I have been on a bit of a Joe Dante kick recently.
The director of GREMLINS 2: THE NEW BATCH (aka: The Greatest Live-Action Looney Tunes Movie Ever), is someone who I have desperately wanted to make something akin to Scorsese’s THE WOLF OF WALL STREET or Spielberg’s WEST SIDE STORY. A movie which basically shows every current modern filmmaker how it is done.
Because that is who Joe Dante is for me. A filmmaker whose reverence for the classics, the B-Movies, the shlock, has led to some of the most unique Hollywood films since the JAWS ripoff PIRAHNA came out in 1978.
So, when I read that the Roger Corman-produced, SPLATTER was available on Netflix. I had to drop what I was doing and spend 30 minutes with Corey Feldman, Tony Todd and Joe Dante.
The plot is as follows:
After self-righteous rockstar Johnny Splatter puts a bullet in his own head, only five people are chosen to attend the reading of his will: the manager, the shrink, the guitarist, the lover, and the groupie. Will they get what they came for, or what Splatter thinks they deserve?

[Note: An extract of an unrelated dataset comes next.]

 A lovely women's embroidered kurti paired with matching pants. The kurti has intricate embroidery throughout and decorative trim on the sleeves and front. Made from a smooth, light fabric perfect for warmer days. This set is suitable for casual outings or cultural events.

The reviews are overwhelmingly negative. On Letterboxd, a lot of viewers wishing they hadn’t had thier curiousity piqued by the talents involved. And, to be fair, I was very much on the same wavelength.
As a short film, this is astonishingly bad. The aesthetic feels like a VOD release from the mid-2000s, the acting is hammy and camp (not in a good way), the dialogue is not even worthy of analysis, and the gore is… actually, the gore wasn’t too bad.

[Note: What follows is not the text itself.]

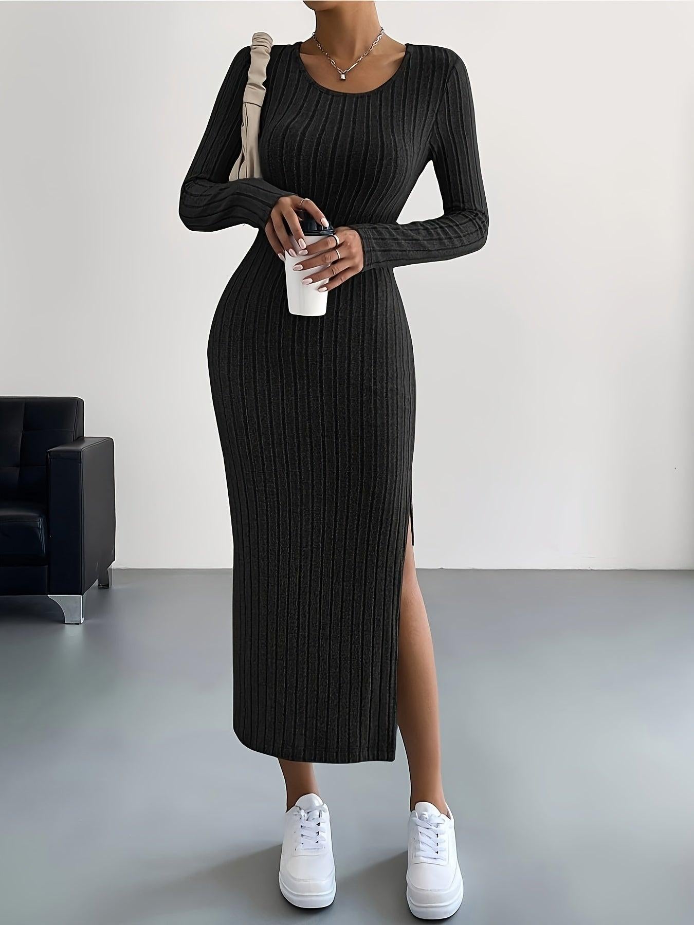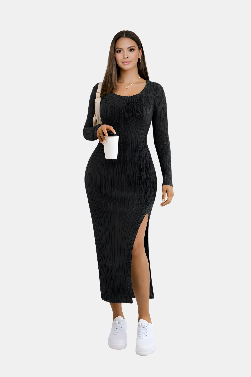 Prążkowana Sukienka Maxi z Długim Rękawem na Wiosnę to połączenie komfortu, subtelnego dopasowania i ponadczasowego stylu. Prążkowana struktura materiału podkreśla sylwetkę, a rozcięcie z boku zapewnia swobodę ruchów i lekkość noszenia.

However, something happens when you do some actual reading on the making of the movie.
SPLATTER was concieved by Netflix for Roger Corman in 2009. This was a Netflix that hadn’t yet left the USA with its streaming service, hadn’t yet become the global juggernaught that is in 2023. This is from an interview Roger Corman did in 2013:
They called me and said ‘Here’s what we’d like to do: three 10-to-15-minute segments of a horror story in which somebody is killed in the first segment and the audience votes on who they want to kill in the second. The second segment must be written, made, edited, and on the air one week later. Then the audience will vote again!’ I took the idea just because I thought it would be fun, that this is something new and an incredible challenge to do everything not in seven days but six, as we had to wait a day for the votes to come in on who was going to be killed. I called Joe and said: ‘This is going to be back to where we all started! Are you interested?’ And he said ‘Yes’ on the same basis that I did. He said: ‘It’ll be a challenge and it’ll be fun.’

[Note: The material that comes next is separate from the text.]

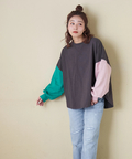 ■後ろ姿に遊び心を。明るいプリントが映えるゆったりドルマン×パフスリーブプルオーバー

This is an interesting idea. Choose-your-own-adventure, interactivity that Netflix tried again 10 or so years later with BLACK MIRROR: BANDERSNATCH. There is one keyword in both what Corman and Dante states: ‘fun’.
The experiment itself may not work in execution. There are many issues with SPLATTER as a short. But ‘fun’ is not one of them. Mark Kermode has the theory that the more the cast and crew enjoy making something, the less enjoyable it is to watch. Which is probably the case with SPLATTER. In this behind-the-scenes, you can really tell that Dante and Corman had a good time making it. Dante in particular looks like he is enjoying himself, and the guy deserves to after his many disagreements with Warner Bros. on LOONEY TUNES: BACK IN ACTION.
What the behind-the-scenes information for the film does is make me love movies all the more. Joe Dante and Roger Corman have been in the industry for a long, long time. Hollywood has a tendency for ruining those who step in the shadow of the sign, look at Corey Feldman. Yet, when given the opportunity to experiment, to try something new, they see it as a chance to have fun.
What is even more insane is that Roger Corman and Joe Dante initially sought out the talents of Richard Matheson to write the script. That’s ‘I AM LEGEND’ writer Richard Matheson. However he was unavailable, so called in his son Richard C. Matheson to work on the script.
Which brings me to my final thought. Matheson wrote something which is schlocky, and unafraid to be obvious. It is of a piece with the loves of Corman and Dante. Roger Corman pretty much built a career on schlock.
I am pretty glad this little curio and oddity in Joe Dante’s filmography is on Netflix. It maybe pretty bad, but its fun knowing that they had fun making it. And if anything, thats all we can ask for with the movies.